FILE - Brazil's interim President Michel Temer reacts during a meeting of the presentation of economic measures, at the Planalto Palace in Brasilia, Brazil, May 24, 2016.

FILE - Brazil's interim President Michel Temer reacts during a meeting of the presentation of economic measures, at the Planalto Palace in Brasilia, Brazil, May 24, 2016.

A wave of scandals buffeting Brazil's interim government is weakening the resolve of some senators to oust suspended President Dilma Rousseff, offering the leftist leader hope of surviving an impeachment trial in the upper house.

Soccer-star-turned-Senator Romario shocked the government last week when he announced he was no longer certain to vote in favor of removing Rousseff. Brazil's first female leader was placed on trial by the Senate last month on charges of breaking budget rules.

His announcement followed a flurry of gaffes, policy missteps and scandals that have rocked the three-week-old administration, including the resignation of two ministers after leaked recordings suggested they tried to block a massive anti-graft investigation at state oil company Petrobras before taking office.

The recordings, taped secretly by a defendant in the Petrobras probe who made a plea bargain deal with prosecutors, appeared to support Rousseff's claim that her impeachment was an opposition conspiracy to seize power and avoid prosecution.

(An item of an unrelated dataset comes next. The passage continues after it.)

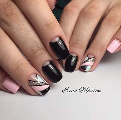 Αν θέλετε όμως ένα πιο ιδιαίτερο και εντυπωσιακό σχέδιο στα μαύρα νύχια σας, μπορείτε να επιλέξετε ένα γεωμετρικό ημιδιάφανο μανικιούρ.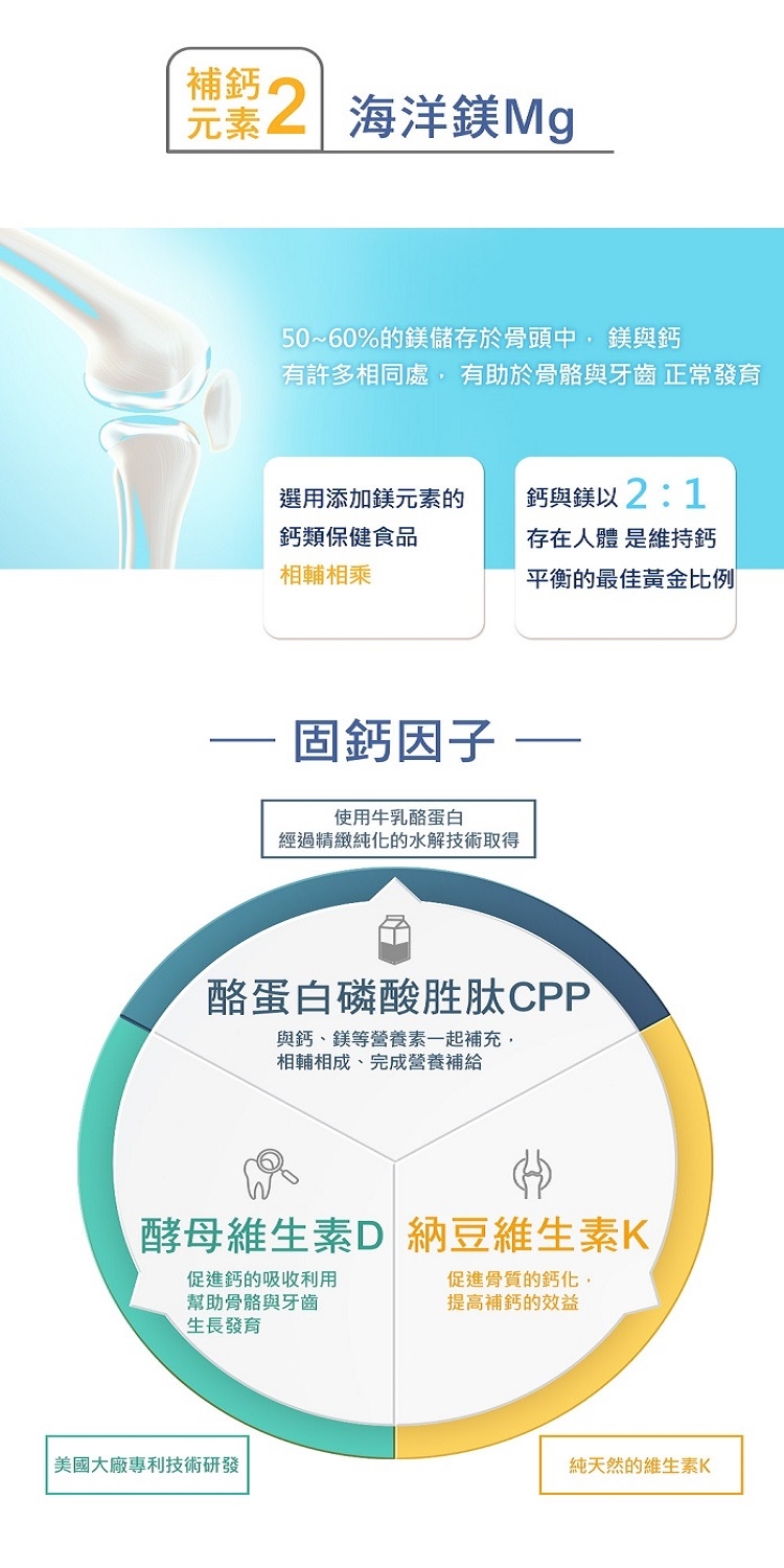 補鈣保健食品選擇天然純淨的海藻鈣粉,複方營養豐富,為你灌「鈣」滿滿活力!優倍鈣,以愛爾蘭海藻鈣、海洋鎂的2:1黃金比例製成,並搭配固鈣3要素-維生素D、維生素K、酪蛋白磷酸胜肽(CPP)等複方成分,幫助發育中的兒童、青少年及孕婦、銀髮族,有效提升鈣質吸收率,補鈣又固鈣!

A prosecutor's request Tuesday for the arrest of four senior members of Michel Temer's PMDB party for allegedly obstructing the investigation — including the Senate speaker and a former Brazilian president — could sway senators who are reconsidering whether to convict Rousseff and permanently dismiss her.

According to surveys by Brazilian media, up to a dozen of the 55 senators who voted last month to put Rousseff on trial are now undecided.

If just a couple of those change sides, the Temer camp would lose the 54 votes it needs — two-thirds of the 81-seat Senate — to convict Rousseff. She would then be able to serve out her term until 2018, though many in Brasilia think she would be too weak to govern and would have to call early elections.

A Rousseff comeback would likely sink Brazilian financial markets, after they rallied strongly at the start of this year on the prospects of her ouster. It could also leave Latin America's largest country in a prolonged state of political deadlock.

"It's going to be very close. I have not decided," Senator Cristovam Buarque told Reuters. "There are six or seven senators who are undecided and could go either way."

Like Romario, who quit his seat on the impeachment commission on June 1, criticizing the appointment of ministers facing investigation in the Petrobras scandal, Buarque says Temer's bad cabinet choices have made some senators think twice.

"The impeachment has become an election between Rousseff and Temer, who will also be judged on his record in government," Buarque said. "The presidency will be decided by two or three votes."